Savunmaların akabinde orta kararını açıklayan mahkeme sanıkların tutukluluk halinin devamına karar verdi. Duruşma 18 Eylül Çarşamba gününe ertelendi.
İDDİANAMEDEN
Küçükçekmece Cumhuriyet Başsavcılığı tarafından hazırlanan iddianamede 38 müşteki, 1 müşteki kuşkulu ve Nihal ile Bahar Candan’ın ortalarında bulunduğu 21 sanık yer almıştı.
Bahar ve Nihal Candan’ın kabahat örgütünün hiyerarşik ve organik yapısı içerisinde yer aldığı iddianamede kaydedilmişti.
İddianamenin devamında “Şüphelilerin evvelki tarihlerde çeşitli televizyon programlarına uzun müddet katıldığı, ünlü olduktan sonra magazin programlarında da yer aldığı, toplumsal medya platformunda çok sayıda takipçiye ulaşması sebebiyle günümüzde toplumsal medya fenomeni ve ekran yüzü olarak tabir edilen bir sıfatının bulunduğu, hasebiyle toplumun geniş kısımları tarafından tanınan bir sima olduğu, bu özelliği sebebiyle de kabahat örgütü tarafından dolandırıcılık aksiyonlarına yönelik düzenlenen özel toplantılarda mağdurların kandırılmasında faal rol oynadığı” tabir edilmişti.

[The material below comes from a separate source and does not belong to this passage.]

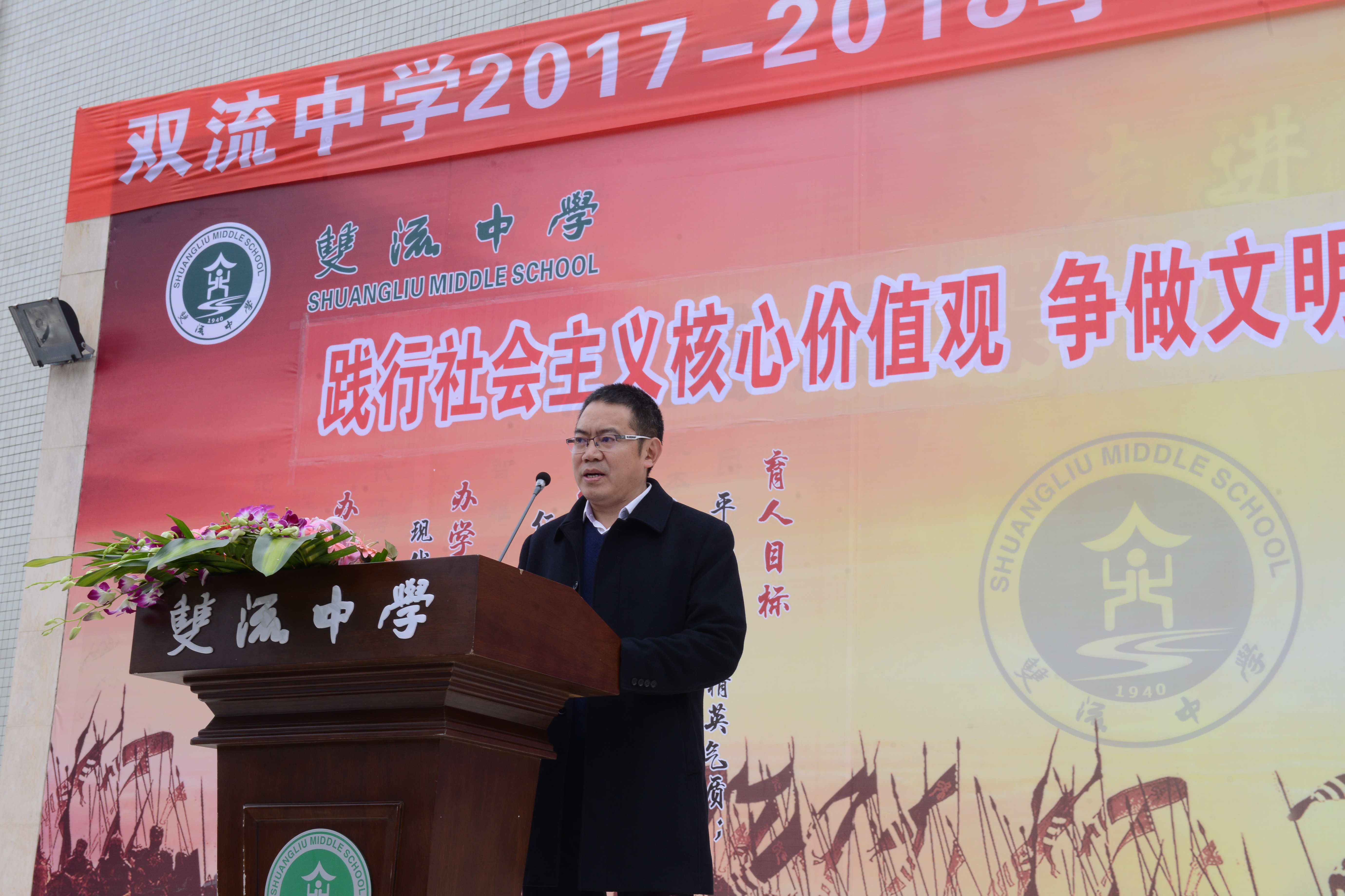 雙流中學(xué)全面主持校務(wù)工作的龍清明副校長(zhǎng)發(fā)言
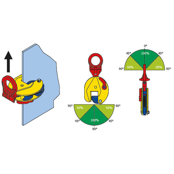 Cleste universal (clema universala) de ridicat placi metalice, cu o deschidere a falcilor între 0- 150 mm, pentru sarcini cuprinse între 750-30000 kg. Recomandat pentru ridicarea, transportul și strunjirea pe verticală a placilor și structurilor de oțel din toate pozițiile.

İddianamede örgüt lideri Onur Apaydın’ın örgüt içerisinde ‘gizli muhasebeci ve kasa’ pozisyonunda olan Alisya Bahar Candan üzerinden bankacılık faaliyetlerini gerçekleştirdiği ve elde edilen kabahat gelirinin aklandığı belirtilmişti.
Öte yandan mağdur temin etme vazifelisi olan kuşkulu Hacı İsrafil Sağlam iddianamede yer verilen sözünde örgüt toplantılarına katıldığını söyleyerek, “Toplantılara üst kademeden herkes katılıyordu. Saha elemanları ve alt kademe asla katılamazdı. Örgütün üst idaresindeki herkes iştirak ediyordu. Toplantıların ikisinde Nihal Candan’ı gördüm. Nihal Candan örgüt lideri Onur Apaydın’ın sevgilisiydi. Başka şahıslar Nihal Candan’a hürmet gösteriyor ve aralı davranıyordu. Nihal Candan’ın yanında örgütün iç işleyişine ait bahisler otomobil alım satım işler konuşuldu” halinde beyanda bulunduğu da iddianamede söz edilmişti.
İddianamede Bahar Candan’ın ’suç örgütüne üye olmak’ cürmünden 2 yıldan 4 yıla kadar ’kişinin, kendisini kamu vazifelisi yahut banka, sigorta ya da kredi kurumlarının çalışanı olarak tanıtması yahut bu kurum ve kuruluşlarla bağlantılı olduğunu söylemesi suretiyle dolandırıcılık’ hatasından ise 2 kere 12 yıldan 40 yıla kadar olmak üzere toplamda 14 yıldan 44 yıla kadar mahpusla, Nihal Candan’ın ise tıpkı cürümlerden 8 yıldan 24 yıla kadar mahpusla cezalandırılması talep edildi.
Öte yandan öteki 20 kuşkulu hakkında ise değişen oranlarda mahpus cezası istenmişti.